Friday September 5th 2025

East Lothian Council headquarters
Written by Local Democracy Reporter, Marie Sharp
A new council committee set up to oversee the use of £13 million of community funds heard its first application behind closed doors less than ten minutes after getting underway today.
East Lothian Council’s new Common Good Committee was approved by elected members in July and brings together four individual town funds which had seen grants approved by their local ward councillors into one group.
But while the committee itself was held in public and webcast live on the council’s website, members decided to move into private before discussing the only application on the agenda.
The application from The Pantry, in Musselburgh, for a grant of £1,051.66 towards opening a second base in Newbigging in the town was heard in private under part of the Local Government (Scotland) Act 1973 which can exclude the public if it relates to “information concerning the financial or business affairs of any particular person other than the Authority”
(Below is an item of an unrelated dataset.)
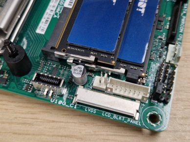 Mezi speciality se řadí konektor s LVDS výstupem, což umožní připojit všelijaké displeje, LVDS rozhraní se hojně používalo v noteboocích, ale mohou ho klidně používat i nějaké kiosky, pokladny a další zařízení. Deska má tak na sobě nativní LCD driver a přímo v BIOSu můžeme některá rozlišení nastavit. Ve své zásobě mám několik FHD LVDS notebookových panelů, ale nemám vhodný konektor, protože jsem je používal s HDMI LCD drivery.

Common Good funds are overseen by East Lothian Council for Dunbar, North Berwick, Haddington and Musselburgh, the latter of which has the largest balance by far at an estimated £9 million.
The committee opened its first meeting with Provost Councillor John McMillan chairing it in the Town House in Haddington with minutes from the last individual fund committee meetings approved by local councillors.
A financial report on the current state of the four funds was presented to the committee outlining funds spent already this year from their agreed annual budgets.
It revealed that Dunbar had started in April with a £4,000 budget for grants and £5,000 budget for repairs and maintenance and, as of August, had spent £3,250 on grants and £6,869 on repair and maintenance.
In Haddington a grants budget of £10,000 had seen £4,000 spent in the first part of the year with a repairs budget of £12,000 remaining untouched.
Musselburgh’s grant budget of £112,000 had seen £40,890 handed out by August with £15,877 of its repair and maintenance budget of £70,000 spent and North Berwick had spent £4,000 of its £10,000 grant budget and £110 of its £10,000 repairs budget over the same period.